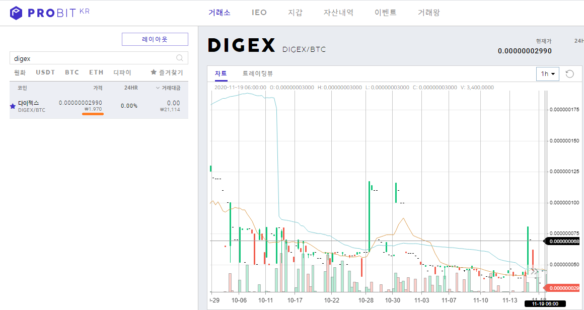▶ 프로비트 다이젝스(DIGEX) 토큰 시세 : 1.970원
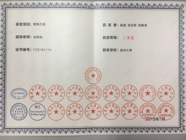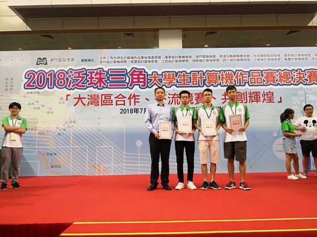 2018年7月2日至5日,由全国高等学校计算机教育研究会及泛珠三角大学生计算机作品赛组委会共同举办的2018泛珠三角大学生计算机作品赛本科组总决赛在澳门举行。 由校教务处副处长刘克剑老师指导的3名同学在此次比赛中获得了本科组三等奖和最佳展示奖的佳绩。
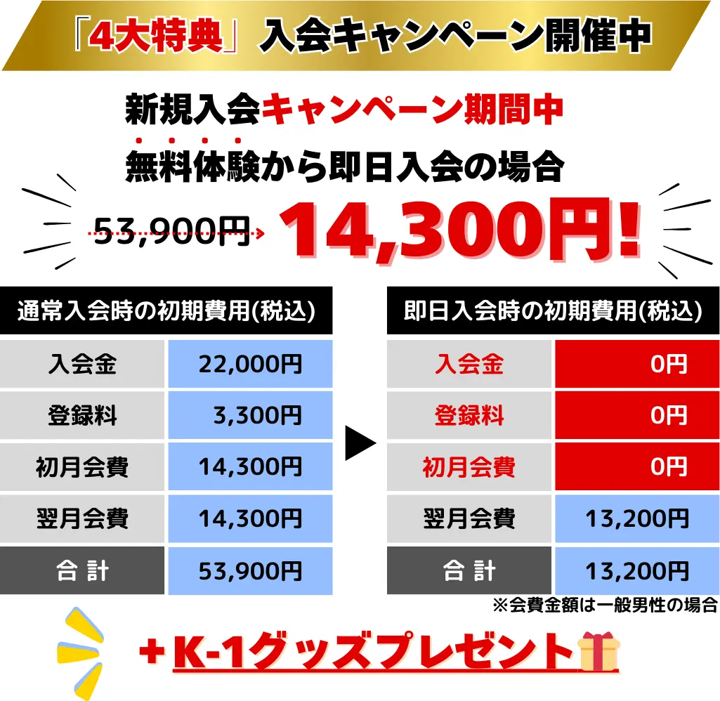 キャンペーン期間中、無料体験から即日入会の場合、27,500円もお得に。

• [What the task requires] Reproduce the whole listing verbatim. Pictures stay out of the copy.

• [Result below]
▶ 프로비트 다이젝스(DIGEX) 토큰 시세 : 1.970원
 2018年7月2日至5日,由全国高等学校计算机教育研究会及泛珠三角大学生计算机作品赛组委会共同举办的2018泛珠三角大学生计算机作品赛本科组总决赛在澳门举行。 由校教务处副处长刘克剑老师指导的3名同学在此次比赛中获得了本科组三等奖和最佳展示奖的佳绩。
 キャンペーン期間中、無料体験から即日入会の場合、27,500円もお得に。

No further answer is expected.